HTTP Introduction and Debugging

HistoryAuthor: Gordon McKinney  /
TBAWill introduce details of HTTP/1.1 and anatomy of cookies
09 Mar 2004Added several new links to Further Reading
30 Nov 2003Added Charles screenshots and HTTP/1.1 through proxies
31 Oct 2003Added links to HTTP/TCPIP books (see end)
04 Feb 2001First Release

1 Intro

"Hyper Text Transport Protocol" - HTTP is the single most important technology that drives the web and yet remains virtually transparent. Without this protocol HTML and XML via the web would not be able to perform the myriad of tasks that we put them to daily.

This article aims to cover the key concepts of HTTP, the tools needed for debugging and where to find the relevant Internet standards for more detail. Throughout later sections full graphical examples are given illustrating each concept with live web sites.

 

2 Intended Audience

Why bother learning about HTTP when for the large part most developers manage to produce web sites and never have to deal with HTTP directly.

The simple answer is that every form that's posted and every cookie that you rely on is sent over HTTP. Wouldn't it be nice to see exactly what is being sent to and from the web server and know for certain what is working and what is broken.

Here are situations where knowing how HTTP works will save your time and gain you credibility with the client.

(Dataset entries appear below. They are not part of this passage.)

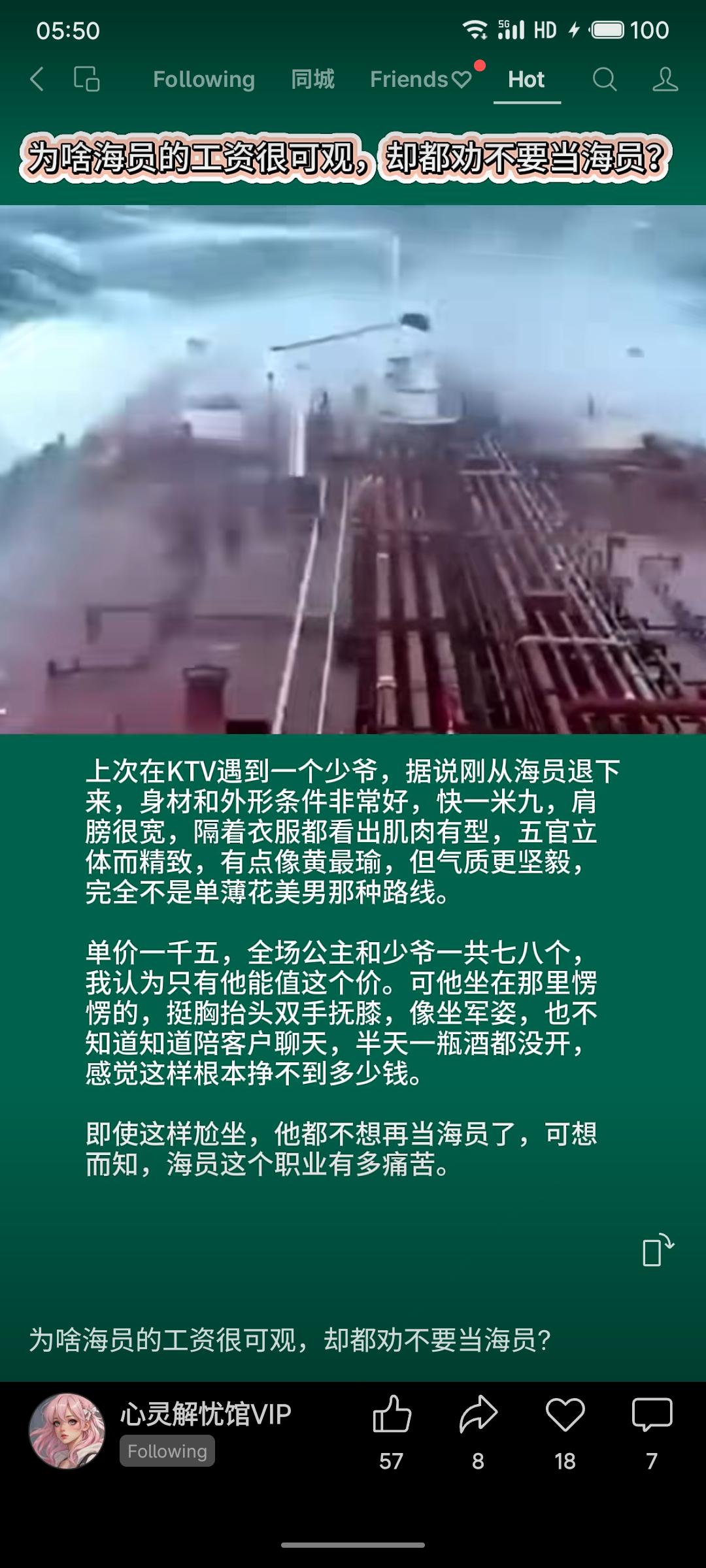 尽管海员工资可观,但一名外形出众的前海员宁可在KTV从事不适应的工作也不愿回归。这反映出该职业可能伴随巨大身心压力与社交隔绝,导致从业者难以忍受。
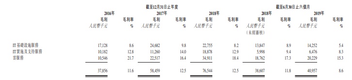 截至2016年、2017年及2018年12月31日止年度以及截至2018年及2019年前6个月,该公司收益分别为人民币3.27亿元、人民币4.68亿元、人民币6.12亿元、人民币3.28亿元及人民币4.76亿元。主要通过为科技、媒体及通信、制造、金融服务以及运输及物流等各行各业的客户提供IT基础设施服务、IT实施及支持服务和云服务而产生收益。
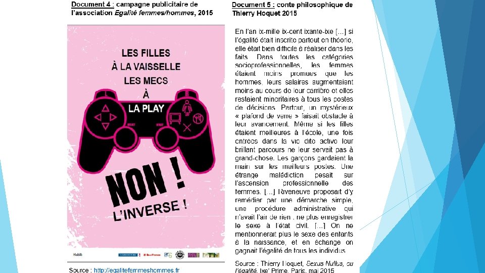 Mise en situation de la séance 1 Problématique : les femmes sont-elles égales aux hommes aujourd’hui ? Pour répondre à cette question, les élèves, par groupe de trois, réalisent un dossier documentaire qu’ils présentent à l’oral.
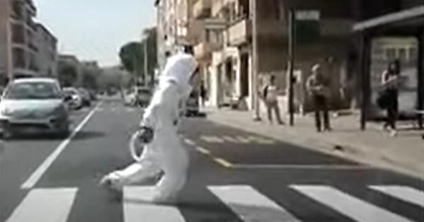 orse ha fatto tardi e ha perso la coincidenza per la stazione spaziale: fatto sta che sulle strisce pedonali sta passando un astronauta.
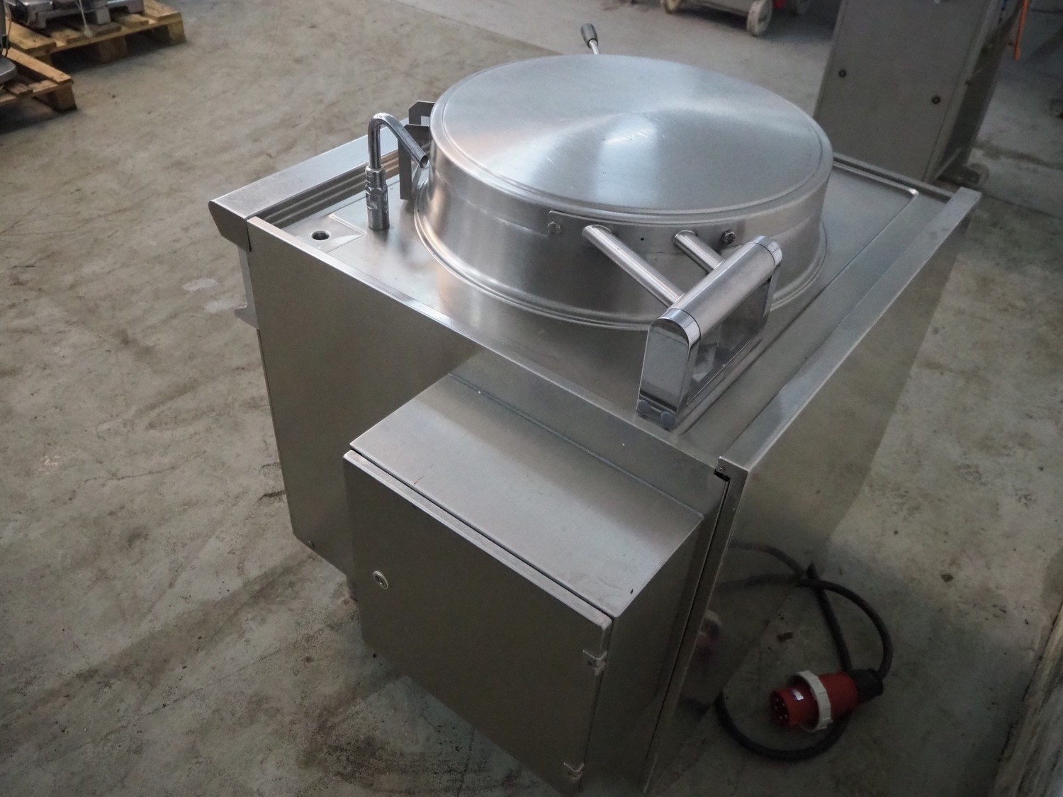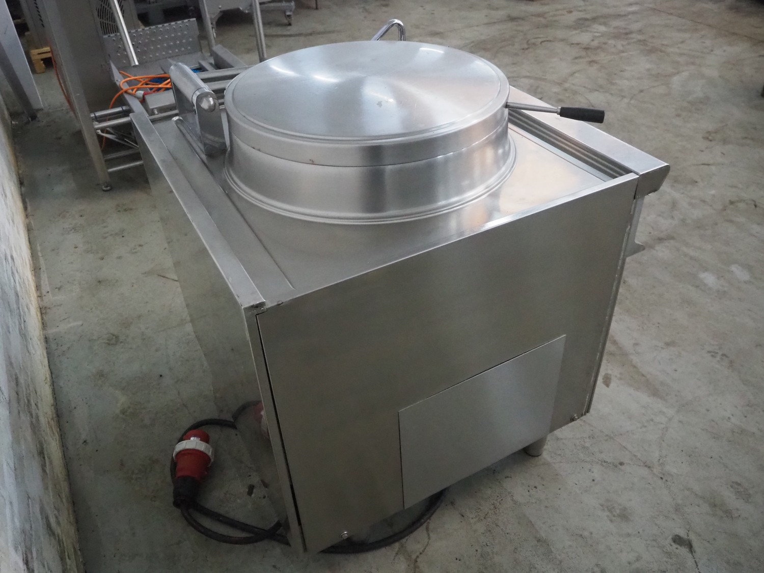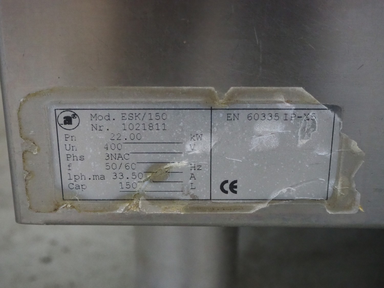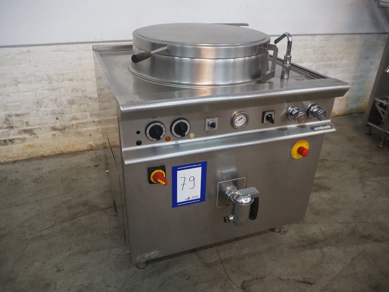 Ambach cooking vessel, model: ESK/150, number: 1021811, 400 V, 3 Ph, 50/60 Hz, 33.5 A, 22 kW, capacity: 150 liter, dimensions: 1120 mm x 1000 mm x 1050 mm.

- For developers this will provide an invaluable aid to diagnosing and testing your code, as you'll be able to construct your own HTTP messages with nothing more than notepad and telnet.

- Security audits become simpler for non-secure sites as you'll be able to determine where the weaknesses are.

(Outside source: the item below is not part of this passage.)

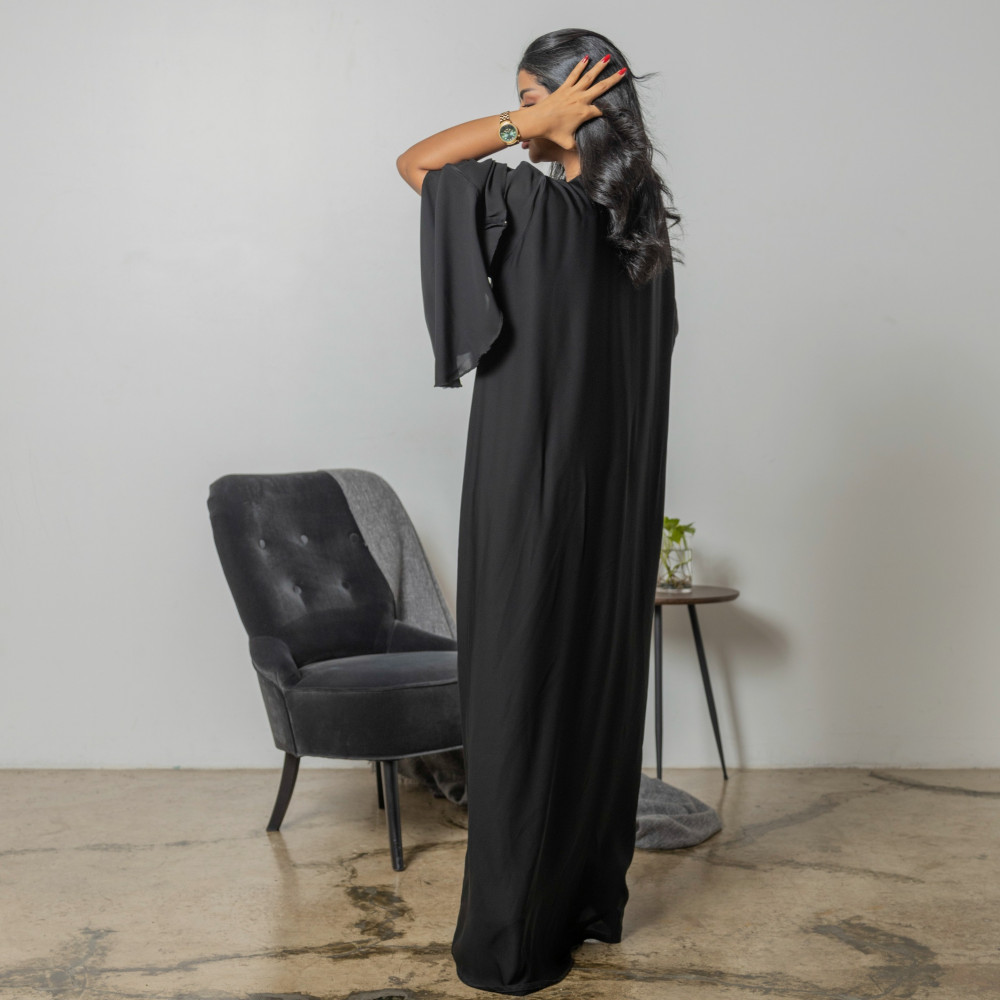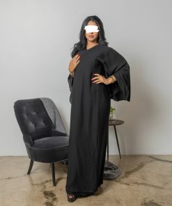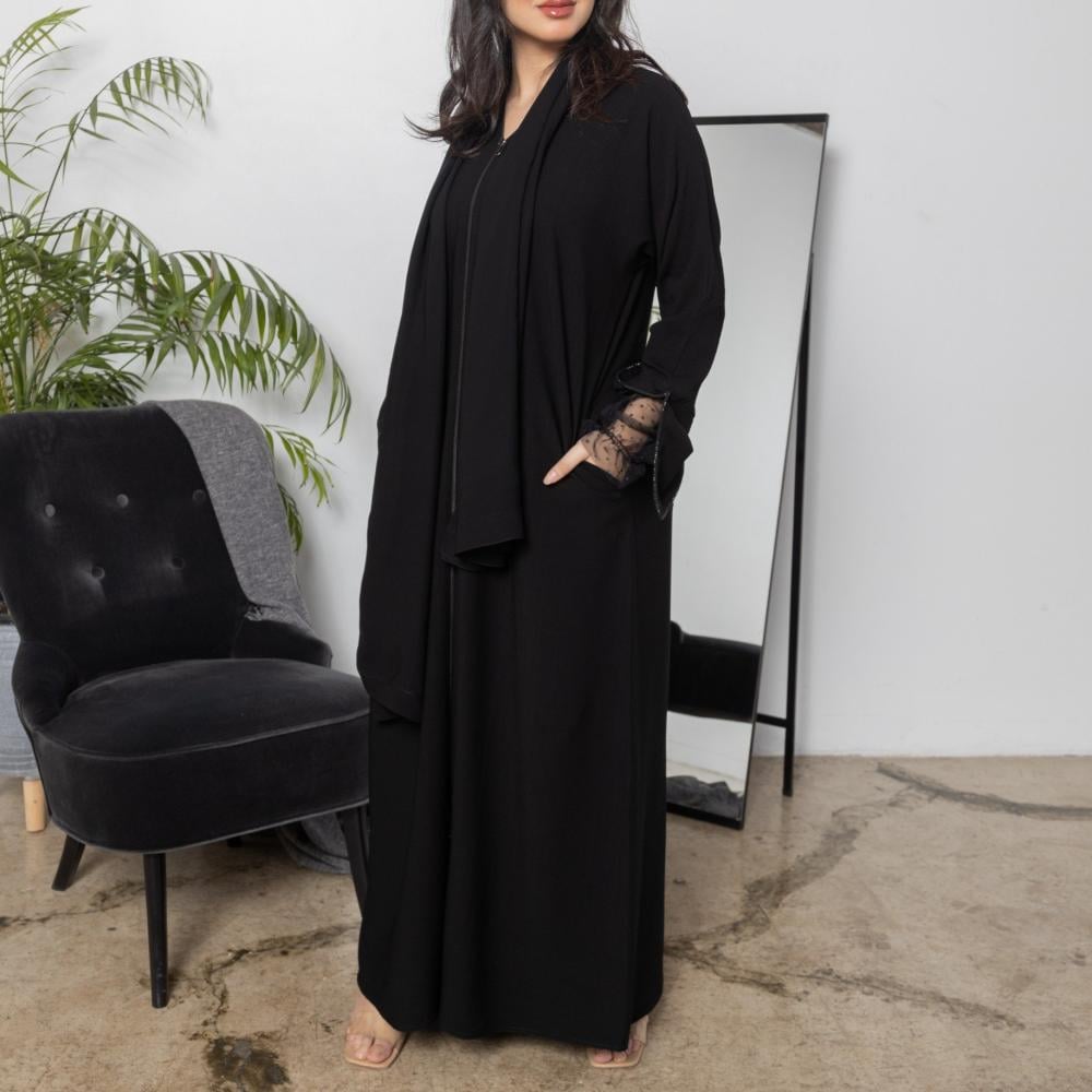 أمول – عباية سوداء بطقطق وجيوب مطرزة من الجنب N1073

- Troubleshooting such problems as "The site is not responding" when you know the server is running and pinging.

 

3 What is HTTP

HTTP is a protocol run over TCP with all the features necessary for interacting with web servers that hold text and binary resources.

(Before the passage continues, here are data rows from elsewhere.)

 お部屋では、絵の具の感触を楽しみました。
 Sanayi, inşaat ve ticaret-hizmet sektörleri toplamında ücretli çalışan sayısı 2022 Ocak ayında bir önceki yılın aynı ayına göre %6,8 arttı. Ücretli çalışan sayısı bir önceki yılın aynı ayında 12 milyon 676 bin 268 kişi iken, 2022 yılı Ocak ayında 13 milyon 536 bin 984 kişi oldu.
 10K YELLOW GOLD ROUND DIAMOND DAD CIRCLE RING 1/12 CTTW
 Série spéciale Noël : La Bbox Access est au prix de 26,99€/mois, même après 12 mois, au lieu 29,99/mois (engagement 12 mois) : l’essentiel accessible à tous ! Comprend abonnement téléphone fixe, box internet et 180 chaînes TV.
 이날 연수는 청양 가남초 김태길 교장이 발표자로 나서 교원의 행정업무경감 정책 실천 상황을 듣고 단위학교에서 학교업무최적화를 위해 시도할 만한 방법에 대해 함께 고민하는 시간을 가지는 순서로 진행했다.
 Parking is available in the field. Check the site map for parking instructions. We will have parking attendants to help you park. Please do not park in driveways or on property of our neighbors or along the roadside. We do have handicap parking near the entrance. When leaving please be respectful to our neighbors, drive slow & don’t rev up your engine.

TCP guarantees that packets arriving to and from the web server are error free and in the right order. It doesn't however guarantee that packets arrive no matter what the network conditions are. When communications are congested or unavailable web page delivery is slow and can time-out.

The sections below outline the key features of HTTP and therefore how a browser and web server interact. Knowing this when writing client side JavaScript and server side ASP or Vignette will save many hours of head scratching when code doesn't work.

3.1 Asynchronous Protocol

Asynchronous means "not at the same time". This is the basis of the request-response architecture of HTTP.

A request is issued and the response will return some time later. The web browser will not wait for the response actively, instead it will leave the line of communication to the server open until the response or a timeout occurs.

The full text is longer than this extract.